- What you will do
What is needed is an exact reproduction of the listing, without its pictures.

- Information shown
§ §
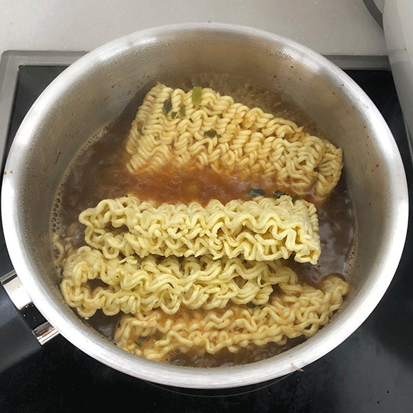 일단 끓는 물에 스프와 건더기를 일반 라면 끓이듯이
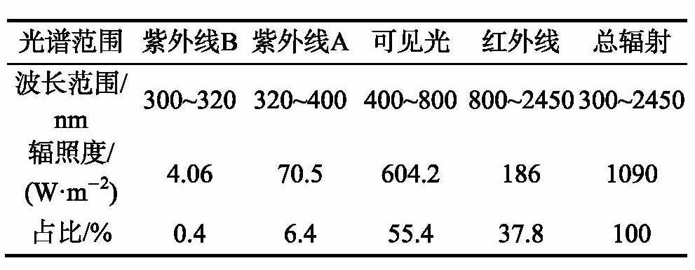 该标准的4.3节指出光谱能量分布参照CIE 85,具体见表1。波长从280~3000nm总的辐照度为1120W/m2。
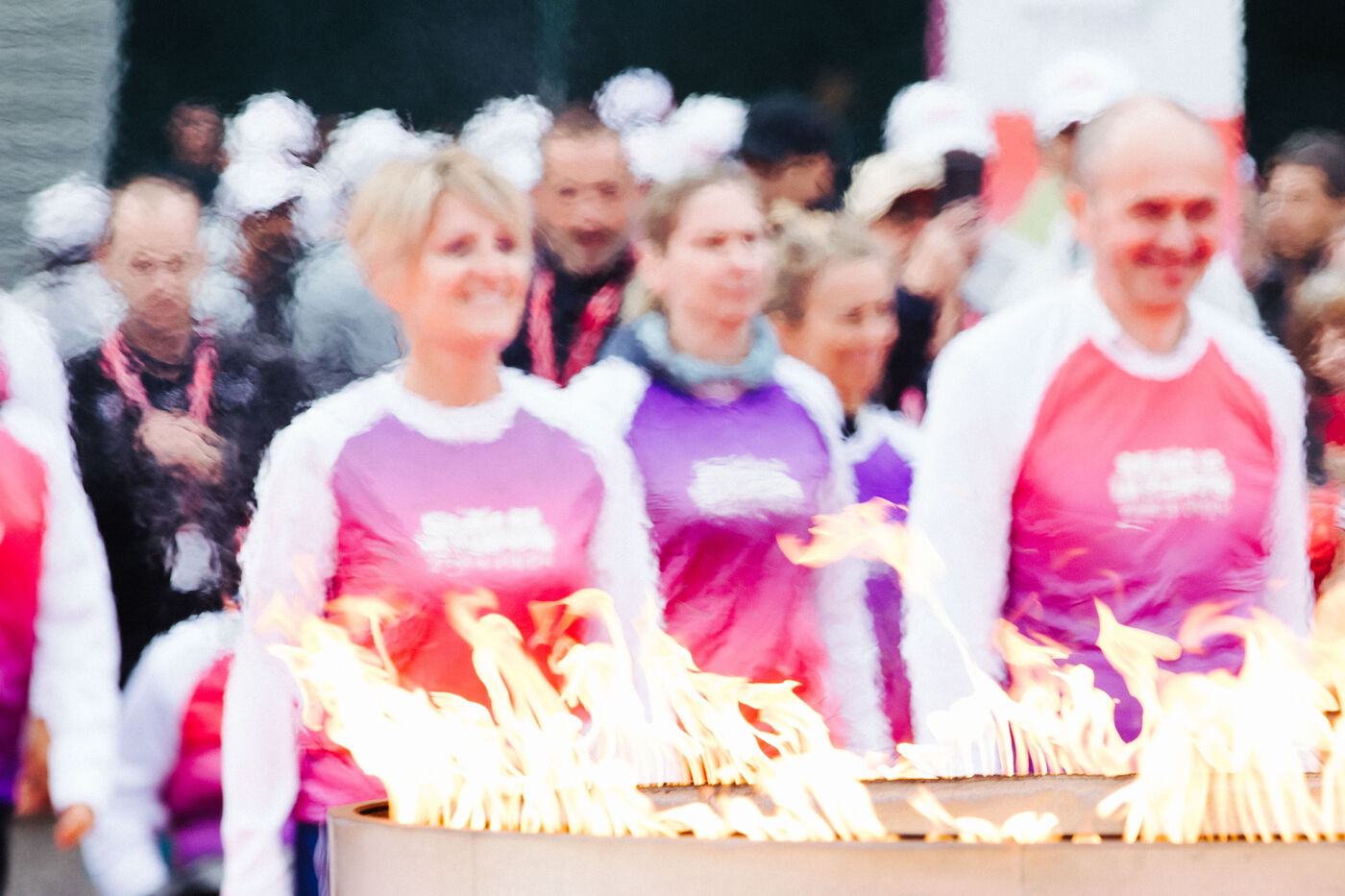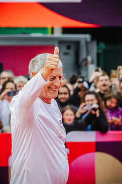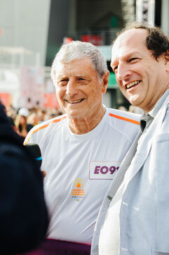 Relais de la Flamme Olympique et allumage du chaudron par Jean-Michel Larqué à Saint-Etienne
§ §
- Worked solution
 일단 끓는 물에 스프와 건더기를 일반 라면 끓이듯이
 该标准的4.3节指出光谱能量分布参照CIE 85,具体见表1。波长从280~3000nm总的辐照度为1120W/m2。
 Relais de la Flamme Olympique et allumage du chaudron par Jean-Michel Larqué à Saint-Etienne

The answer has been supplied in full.